Nvidia's AI Turns Photos Into 3D In No Time

Converting 2D images into 3D scenes is a relatively old concept, but modern technology is soon making it a formality.

It’s a love story that has lasted for many years between the graphics technology enthusiasts and the magicians of Nvidia, which is constantly being cultivated with impressive technical demonstrations. And the green team just did it again with a rather eye-catching new proof of concept: Here’s Instant NeRF, a system capable of converting a handful of images into photorealistic 3D renderings in a matter of seconds.

The basic idea is not new; For years, specialists have been trying to transfer 2D images into a three-dimensional space, with very different results. The older ones have trouble producing identifiable images. But the latest ones, based on a technique called NeRF, are already able to offer visually acceptable, even very good, 3D conversions.

On the other hand, even the most advanced suffer from two often prohibitive problems. The first, as is often the case in AI-related projects, is computation time; These are often extremely heavyweight algorithms that can do this to take long to process a handful of images.

A computer magic trick in no time

The other concern relates to the angles available. With old-school systems, it’s difficult to get a clean result from all angles unless you’re using hundreds or even thousands of images for 3D reconstruction. Otherwise we end up with visual artifacts such as blurring or distortion on the final product (see video above).
In summary, this technique already exists, but it is the subject of constant compromise between quality and processing time; Today’s best systems are capable of producing a very good quality rendering in minutes, but it still takes many hours to train the model in advance.

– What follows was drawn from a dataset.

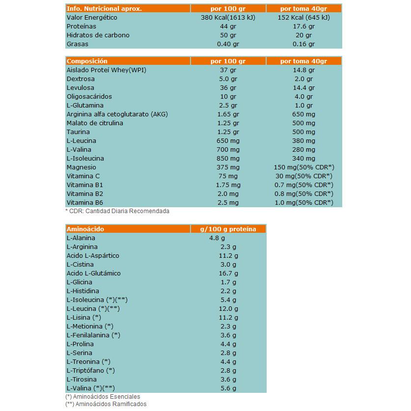 Aporte de aislado de Proteína de suero lácteo con Hidratos de carbono. Aminoácidos Ramificados, L-GLutamina, AKG, Malato de Citrulina, Magnesio y Vitaminas para la RECUPERACION del esfuerzo.

But with Instant NeRF, NVIDIA promises to extract the best of both worlds to offer ultra-precise 3D rendering from just a few dozen photos, and most importantly, with up to 1000x the performance of the best current systems – or in ” a few hundredths of a second”!

To achieve this breathtaking performance, Nvidia developed a technique called “Multi-Resolution Hash Grid Encoding”. The company gives very little information about its activities. Broadly speaking, however, the concept is to create multiple small neural subnets, each of which is exponentially faster to train than a single mega-network.

Opportunities for use in all sectors

The proof of concept is already impressive, but the most interesting thing is that it has a lot of very concrete future prospects. For example, the next step will probably be to go up a gear, namely converting photos not into simple 3D renderings, but into real digital objects in 3 dimensions that can be manipulated by professionals.

For example, the press release explains that a system like Instant NeRF could be used in architecture or in the entertainment world. It could then be used to quickly create content on the fly; a few photos of a historical monument, and phew, here it is integrated into a game or a movie, in two stages, three movements!

Instant NeRF might even find functional applications. Think in particular of autonomous piloting; In fact, there are many machines, such as cars, drones or even industrial machines, whose level of autonomy and reliability depends directly on their ability to translate 2D images into a 3D representation of their environment. You can’t stop the progress!